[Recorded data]
# # # # # # #

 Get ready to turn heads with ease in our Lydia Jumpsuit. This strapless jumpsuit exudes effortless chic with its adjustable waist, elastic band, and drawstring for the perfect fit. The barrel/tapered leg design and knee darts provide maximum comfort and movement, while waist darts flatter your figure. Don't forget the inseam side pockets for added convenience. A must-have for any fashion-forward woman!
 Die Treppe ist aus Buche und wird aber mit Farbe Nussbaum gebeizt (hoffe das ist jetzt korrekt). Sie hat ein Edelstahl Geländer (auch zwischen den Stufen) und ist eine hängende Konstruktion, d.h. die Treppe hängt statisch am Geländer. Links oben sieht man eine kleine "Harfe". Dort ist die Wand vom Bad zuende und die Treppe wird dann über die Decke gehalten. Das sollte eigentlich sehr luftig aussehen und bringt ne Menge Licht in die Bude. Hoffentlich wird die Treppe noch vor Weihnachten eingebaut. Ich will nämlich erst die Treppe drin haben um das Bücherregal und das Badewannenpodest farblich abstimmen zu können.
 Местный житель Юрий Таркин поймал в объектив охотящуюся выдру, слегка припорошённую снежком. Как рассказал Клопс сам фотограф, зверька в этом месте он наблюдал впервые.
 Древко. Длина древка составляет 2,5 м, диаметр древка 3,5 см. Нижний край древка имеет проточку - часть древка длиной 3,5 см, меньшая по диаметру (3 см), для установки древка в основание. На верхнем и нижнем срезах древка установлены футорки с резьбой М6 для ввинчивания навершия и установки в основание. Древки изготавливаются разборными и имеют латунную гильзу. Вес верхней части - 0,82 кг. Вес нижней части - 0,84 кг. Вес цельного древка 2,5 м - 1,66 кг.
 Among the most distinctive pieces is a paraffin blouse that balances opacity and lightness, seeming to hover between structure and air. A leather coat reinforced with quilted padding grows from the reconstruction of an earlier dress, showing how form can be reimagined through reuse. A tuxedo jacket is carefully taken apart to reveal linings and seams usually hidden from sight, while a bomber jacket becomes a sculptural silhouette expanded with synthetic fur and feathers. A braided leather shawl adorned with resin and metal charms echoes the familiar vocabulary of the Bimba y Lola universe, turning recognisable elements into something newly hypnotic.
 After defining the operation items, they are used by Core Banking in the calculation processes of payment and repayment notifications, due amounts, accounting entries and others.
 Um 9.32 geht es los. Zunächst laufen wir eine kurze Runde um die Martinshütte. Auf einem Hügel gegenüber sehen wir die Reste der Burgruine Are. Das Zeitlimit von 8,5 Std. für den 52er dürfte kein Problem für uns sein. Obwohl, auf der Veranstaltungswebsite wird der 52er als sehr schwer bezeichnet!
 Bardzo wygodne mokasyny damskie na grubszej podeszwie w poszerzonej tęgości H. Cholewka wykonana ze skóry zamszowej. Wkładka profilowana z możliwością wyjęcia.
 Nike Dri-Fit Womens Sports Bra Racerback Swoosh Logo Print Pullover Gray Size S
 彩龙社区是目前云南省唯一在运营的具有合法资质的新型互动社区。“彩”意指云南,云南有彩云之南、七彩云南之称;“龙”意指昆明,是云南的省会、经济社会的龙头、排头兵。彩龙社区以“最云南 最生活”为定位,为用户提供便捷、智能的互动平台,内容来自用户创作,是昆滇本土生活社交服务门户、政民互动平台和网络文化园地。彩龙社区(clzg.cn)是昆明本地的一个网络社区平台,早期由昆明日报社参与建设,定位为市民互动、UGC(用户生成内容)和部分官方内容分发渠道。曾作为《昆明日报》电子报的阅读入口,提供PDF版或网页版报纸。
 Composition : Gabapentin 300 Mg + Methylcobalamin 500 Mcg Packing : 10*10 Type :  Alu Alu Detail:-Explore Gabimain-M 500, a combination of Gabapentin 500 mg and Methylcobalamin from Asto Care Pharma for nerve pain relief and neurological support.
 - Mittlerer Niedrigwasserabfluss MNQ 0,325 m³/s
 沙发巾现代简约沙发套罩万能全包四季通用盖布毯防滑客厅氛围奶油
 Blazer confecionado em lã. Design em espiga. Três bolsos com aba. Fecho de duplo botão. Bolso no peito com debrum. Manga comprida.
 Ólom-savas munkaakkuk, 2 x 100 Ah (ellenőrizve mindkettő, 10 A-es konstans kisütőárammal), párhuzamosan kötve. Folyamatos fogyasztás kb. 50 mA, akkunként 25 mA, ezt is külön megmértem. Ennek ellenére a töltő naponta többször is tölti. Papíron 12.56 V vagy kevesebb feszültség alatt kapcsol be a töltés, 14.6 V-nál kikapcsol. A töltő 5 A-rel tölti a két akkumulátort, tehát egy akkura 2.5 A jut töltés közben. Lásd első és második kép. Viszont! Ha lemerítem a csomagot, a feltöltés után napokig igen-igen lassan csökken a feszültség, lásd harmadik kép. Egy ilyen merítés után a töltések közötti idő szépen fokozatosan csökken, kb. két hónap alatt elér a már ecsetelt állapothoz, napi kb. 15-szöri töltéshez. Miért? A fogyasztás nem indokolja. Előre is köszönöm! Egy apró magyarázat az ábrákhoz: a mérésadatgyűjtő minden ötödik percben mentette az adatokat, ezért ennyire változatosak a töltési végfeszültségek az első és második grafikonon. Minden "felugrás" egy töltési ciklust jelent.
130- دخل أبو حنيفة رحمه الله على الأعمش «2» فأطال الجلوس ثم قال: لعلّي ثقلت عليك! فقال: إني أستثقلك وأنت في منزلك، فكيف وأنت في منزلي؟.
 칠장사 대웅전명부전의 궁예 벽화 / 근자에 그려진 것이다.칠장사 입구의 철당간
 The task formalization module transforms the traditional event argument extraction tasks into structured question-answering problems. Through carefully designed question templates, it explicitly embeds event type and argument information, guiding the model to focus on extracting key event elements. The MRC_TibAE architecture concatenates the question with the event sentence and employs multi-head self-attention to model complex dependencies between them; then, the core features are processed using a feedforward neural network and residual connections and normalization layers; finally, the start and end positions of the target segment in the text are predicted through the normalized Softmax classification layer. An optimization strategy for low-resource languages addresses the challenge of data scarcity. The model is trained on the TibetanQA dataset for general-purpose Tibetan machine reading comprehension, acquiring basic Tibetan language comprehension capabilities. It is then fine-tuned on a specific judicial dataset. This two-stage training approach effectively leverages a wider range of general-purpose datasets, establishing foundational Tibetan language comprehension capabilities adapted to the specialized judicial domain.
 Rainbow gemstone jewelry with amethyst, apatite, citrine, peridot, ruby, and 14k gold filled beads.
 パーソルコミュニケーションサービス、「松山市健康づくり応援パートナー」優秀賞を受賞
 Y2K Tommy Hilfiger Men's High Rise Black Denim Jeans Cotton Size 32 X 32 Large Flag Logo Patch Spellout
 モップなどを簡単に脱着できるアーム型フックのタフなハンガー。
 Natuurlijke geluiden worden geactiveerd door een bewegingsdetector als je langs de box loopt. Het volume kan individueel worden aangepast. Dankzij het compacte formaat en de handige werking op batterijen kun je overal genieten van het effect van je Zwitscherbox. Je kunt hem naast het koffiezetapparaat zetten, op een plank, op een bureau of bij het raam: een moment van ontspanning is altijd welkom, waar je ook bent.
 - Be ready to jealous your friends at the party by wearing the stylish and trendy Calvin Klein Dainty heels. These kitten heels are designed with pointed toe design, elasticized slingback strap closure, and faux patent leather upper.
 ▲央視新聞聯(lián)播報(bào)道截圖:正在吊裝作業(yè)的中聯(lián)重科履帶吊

# # # # # # #

Here the job is to transcribe the lines from the first line of the data through the line containing "Die Treppe ist", inclusive, exactly and with nothing else.

• OUTPUT FOR THIS TASK:
 Get ready to turn heads with ease in our Lydia Jumpsuit. This strapless jumpsuit exudes effortless chic with its adjustable waist, elastic band, and drawstring for the perfect fit. The barrel/tapered leg design and knee darts provide maximum comfort and movement, while waist darts flatter your figure. Don't forget the inseam side pockets for added convenience. A must-have for any fashion-forward woman!
 Die Treppe ist aus Buche und wird aber mit Farbe Nussbaum gebeizt (hoffe das ist jetzt korrekt). Sie hat ein Edelstahl Geländer (auch zwischen den Stufen) und ist eine hängende Konstruktion, d.h. die Treppe hängt statisch am Geländer. Links oben sieht man eine kleine "Harfe". Dort ist die Wand vom Bad zuende und die Treppe wird dann über die Decke gehalten. Das sollte eigentlich sehr luftig aussehen und bringt ne Menge Licht in die Bude. Hoffentlich wird die Treppe noch vor Weihnachten eingebaut. Ich will nämlich erst die Treppe drin haben um das Bücherregal und das Badewannenpodest farblich abstimmen zu können.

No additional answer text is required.